Benchmarks#

In this section, we explain our process for benchmarking LLM endpoints. We discuss quality and runtime benchmarks separately.

Quality Benchmarks#

Finding the best LLM(s) for a given application can be challenging. The performance of a model can vary significantly depending on the task, dataset, and evaluation metrics used. Existing benchmarks attempt to compare models based on standardized approaches, but biases inevitably creep in as models learn to do well on these targeted assessments.

Practically, the LLM community still heavily relies on testing models manually to build an intuition around their expected behavior for a given use-case. While this generally works better, hand-crafted testing isn’t sustainable as one’s needs evolve and new LLMs emerge at a rapid pace. Our LLM assessment pipeline is based on the method outlined below.

Design Principles#

Our quality benchmarks are based on a set of guiding principles. Specifically, we strive to make our pipeline:

  • Systematized: A rigorous benchmarking pipeline should be standardized across assessments, repeatable, and scalable. We make sure to benchmark all LLMs identically to with a well-defined approach we outline in the next passage.

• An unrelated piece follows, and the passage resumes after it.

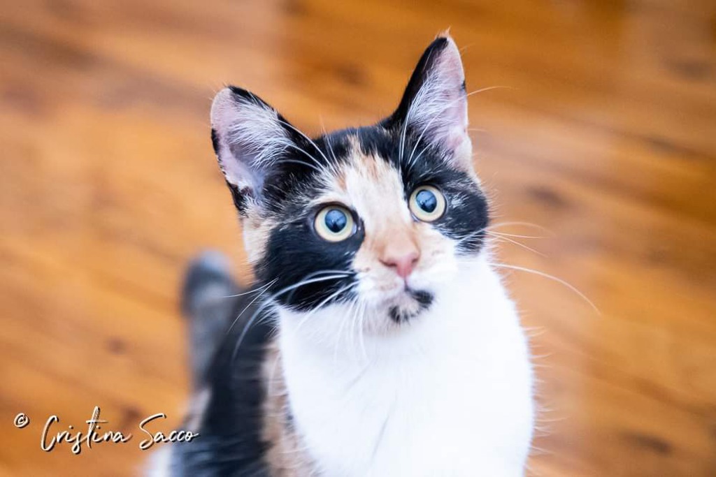 Loretta is very proficient at playing as well - her favourite toy is her cat tunnel, and she will spend hours running back and forth through it until she is so tired she falls asleep right there in the middle of the tunnel! She is also very fond of toys she can chase - a ball on a piece of string makes for hours of fun! But Loretta's most favourite pastime is following her foster humans around, watching what they are doing and yelling at them with the most adorable, teeny-tiny squeak, in the hopes she might get some cuddles. Loretta is the most beautiful, snuggly and loving little lady who can't wait to find her forever cuddle-buddies!

  • Task-centric: Models perform differently on various tasks. Some might do better at coding, others are well suited for summarizing content, etc. These broad task categories can also be refined into specific subtasks. For e.g summarizing technical content to generate product documentation is radically different from summarizing news. This should be reflected in assessments. For this reason, we allow you to upload your custom prompt dataset, that you believe reflects the intended task, to use as a reference for running benchmarks.

  • Customizable: Assessments should reflect the unique needs of the assessor. Depending on your application requirements, you may need to strictly include / exclude some models from the benchmarks. We try to strike a balance between standardization and modularity such that you can run the benchmarks that are relevant to your needs.

Methodology#

Overview#

We benchmark models using the LLM-as-a-judge approach. This relies on using a powerful language model to generate assessments on the outputs of other models, using a standard reviewing procedure. LLM-as-a-judge is sometimes used to run experiments at scale when generating human assessments isn’t an option or to avoid introducing human biases.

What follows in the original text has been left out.